Slowly as the mist roll around a figure is revealed to be standing not far away from the 3 other gods, if he had been here for the whole show or just arrived is impossible to determined. He certainly looks human but with a eerie feel, standing in gray robes staring out into the mist. 
With a voice the don't hear but feel inside of their heads he states "Patience my fellow enlightend ones, we must wait all have been called by not all have shown, other powers are nearing I feel" Not moving not looking at the other he continues to stare out into the mist.


----------



## Myth and Legend (Feb 17, 2010)

Heliasillyel observed the other deities and measured their capacity. Omnipotence meant she had heard of them in some part of the multiverse or other, but actually meeting them still presented an interesting opportunity. To the young Goddess of fire, the Elven Deity answered with a cheerful tone: "I do like fire - It is the source of my light! But too much fire burns beauty away, and there must be beauty and passion for this world not to be utterly boring.
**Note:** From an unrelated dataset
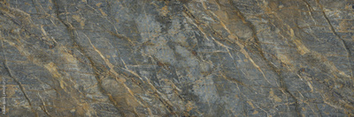 Gray rough mountain surface with yellow-brown veins and cracks. Close-up. Rock texture. Dark rusty stone background with copy space for design. Wide banner. Panoramic. Grunge backdrop.

If you promise to play nice and not try to incinerate the new toy we all make, maybe with the help of the others here we can send you home to your own dimension and plane. Once we get settled with some power of course." the Sun Goddess sighed at that last part. Lavaria was a selfish bitch, but that still meant that at the very least she cared for herself, which was what Heliasillyel was relying on.

Duretepp was rambling on, and Heliasillyel decided to indulge the goat man on a whim. "The dirk - It is plotting against you. Why else would it remain silent?" the Goddess said with a serious tone.


----------



## GlassEye (Feb 17, 2010)

The mists part once again and yet another beauty steps out of it.  Or rather, she _would_ be beautiful if not for the alieness of her form.  Most noticeable are the two pairs of spider-like legs that sprout from the sides of her torso in addition to a more human pair.  One pair of spidery legs raise up into the air and almost seem to stroke the air as if tasting the mist.  Her arms and fingers are long and jointed in odd places.  Her large black eyes glinting with Heliasillyel's reflected light coldly appraise the others gathered and three smaller human-like eyes in the cheekbones beneath each larger eye blink slowly, stare, or gaze into some unseen distance.  She wears no clothing whatsoever and it is quite apparent that she is gravid.  Her right hand holds a spindle and rests on her bulging belly; the left holds a spear-like distaff that seems to be made of black iron.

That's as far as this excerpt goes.